In his first start since April 6 and just his second this season, Brad Bergesen was serviceable, allowing three runs (two earned) over five innings. However, he failed to break the trend of Orioles starters not going deep in games and putting their team into holes by giving up early runs.

Orioles starters have an 8.45 ERA during the losing streak and have logged just 33 innings.

"It's been really tough," Bergesen said. "We've got such a great ballclub, and we're going to get on a nice tear. I'm very confident that it's only a matter of time with that. We're right there, we're staying positive, we're staying confident. But a seven-game losing streak is just no fun. It's never an easy thing."

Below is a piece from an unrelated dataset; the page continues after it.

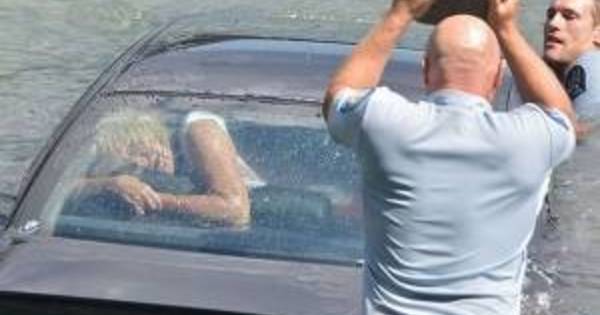 Drámai fotók a süllyedő autóba szorult nő mentéséről

Bergesen's sinker was effective at times Sunday, but he also paid for leaving a couple of pitches up in the strike zone. Indians catcher Carlos Santana drove his 3-2 pitch in the second inning over the right-center-field wall. Playing in his first game since May 16 after a long recovery from left knee surgery, Grady Sizemore redirected Bergesen's 2-0 pitch in the third inning into the right-field seats.

For Sizemore, who got a standing ovation before his first at-bat and also doubled in the game, it was his first homer since Aug. 27, 2009, also against the Orioles.

Travis Hafner hit the Indians' third homer, a solo shot in the sixth off of Jeremy Accardo. That gave the Indians a 4-1 lead, a pretty comfortable margin when you consider just how much the Orioles' offense has struggled.

"[Carmona] threw the ball good, but it seems like kind of the same story every night," Lee said. "We're just not putting any pressure on them. It makes it tough on our pitchers. If we score some runs early, our pitchers can settle in and relax and go deeper in the game."

The 51 runs the Orioles have scored are the second fewest in the American League, ahead of only the Minnesota Twins, who are at Camden Yards on Monday for the start of a four-game series and a 10-game homestand.

"If you've ever been in the arena, they are trying," Showalter said. "You want something to happen, and it will happen. We're going to be a good club before it's over. We have been, we will be, and we are. ... We just need to trust our people. They are working hard; they are very frustrated right now because they know they are better than that."